Когда он окончил университет, профессор предложил ему поступить на службу в одно издательство. Я бы лично с благодарностью отнесся к искренним заботам профессора о моей будущей работе, но он, вспылив, отказался. Если бы я был на его месте и это предложение пришлось бы мне не по душе, я отклонил бы его под благовидным предлогом, щадя чувства профессора. Такой ответ диктовался обычным здравым смыслом, даже не житейской мудростью, хотя такт в этом случае и с эгоистической точки зрения избавил бы его от лишних неприятностей. Однако он заявил профессору: «Я не для того учился в университете, чтобы работать на других». Говорят, профессор сказал ему на это с откровенной неприязнью: «Тогда поступай как знаешь».
Из аудитории он пришел прямо ко мне и все рассказал, прибавив, что и сам не понимает, зачем он так заносчиво держался с профессором. Но все же признался, что в тот момент, когда услышал слова профессора, неподдельный гнев всколыхнулся в его душе. Выдержка в самом деле часто ему изменяет.
Тому есть такой пример. Когда началась война е США и Англией, я поступил на службу в армию и как-то однажды встретил его случайно в городском трамвае. Я был в офицерском мундире. Он протиснулся поближе ко мне и вдруг напустился на меня. «Я вижу, тебе не стыдно носить эту форму!» – кричал он так громко, что всем в вагоне было слышно. Мужества он лишен совершенно. До того малодушен, что, стоит– ему уколоть палец и покажется капелька крови, он уже убежден, что теперь у него будет малокровие. Но в какое-то мгновение в его душе рождается некий импульс и он может совершить отчаянный поступок. Поносить мундир в присутствии незнакомых пассажиров, да еще в разгар Великой восточно-азиатской войны, – только жившие в ту эпоху поймут, как это было опасно и нелепо.
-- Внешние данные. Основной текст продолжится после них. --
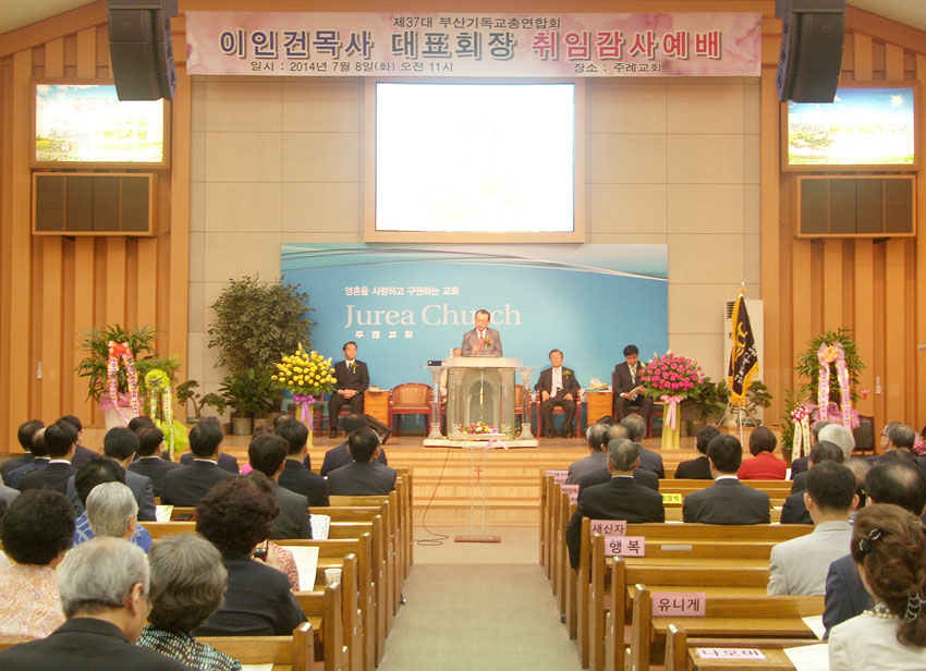 ºÎ»ê±âµ¶±³ÃÑ¿¬ÇÕȸ Á¦37´ë ÀÌÀ롂 ´ëǥȸÀå ÃëÀÓ½ÄÀÌ Áö³ 7¿ù 8ÀÏ Áַʱ³È¸¿¡¼ °³ÃֵƴÙ. ±³°èÁöµµÀÚ ¹× Á¤Ä¡Àΰú ±â°üÀåµéÀÌ Âü¼®ÇÑ °¡¿îµ¥, 1ºÎ ¿¹¹è¿¡¼´Â ºÎ»ê¼º½Ãȿº»ºÎ ÃÖÈ«ÁØ ¸ñ»çÀÇ ¡®ÆÄ¼ÛµÈ ±×¸®½ºµµÀÇ Á¦ÀÚ¡¯¶ó´Â Á¦¸ñÀÇ ¸»¾¸ÀÌ ÀÖ¾ú´Ù. ÃÖ ¸ñ»ç´Â ¡°ÀÌÀ롂 ´ëǥȸÀåÀÌ ¼Ò½Å²¯ ÀÏÇÒ ¼ö ÀÖµµ·Ï ±³È¸¿Í ±³°èÁöµµÀÚµéÀÌ ±âµµ¿Í Çå½ÅÀ» ´ÙÇÏÀÚ¡±°í °Á¶Çß´Ù.

Если его не выбросили из трамвая и не избили до полусмерти, то лишь потому, что никто не понял, что он собой представляет, до того странно по тем временам он выглядел. Волосы длиннее обычного (ведь я не военный, думал он), фетровая шляпа, пиджак и, конечно, никаких гетр на ногах – пассажирам трамвая наверняка было не по себе. Не то сумасшедший, не то выполняет специальное задание, а может, имеет особые привилегии, иначе не вел бы таких опасных речей. Его одежда и высказывания оскорбляли здравый смысл окружающих, но, к счастью, это же спасло его от опасности. Любой жандарм мог тогда очень просто арестовать его.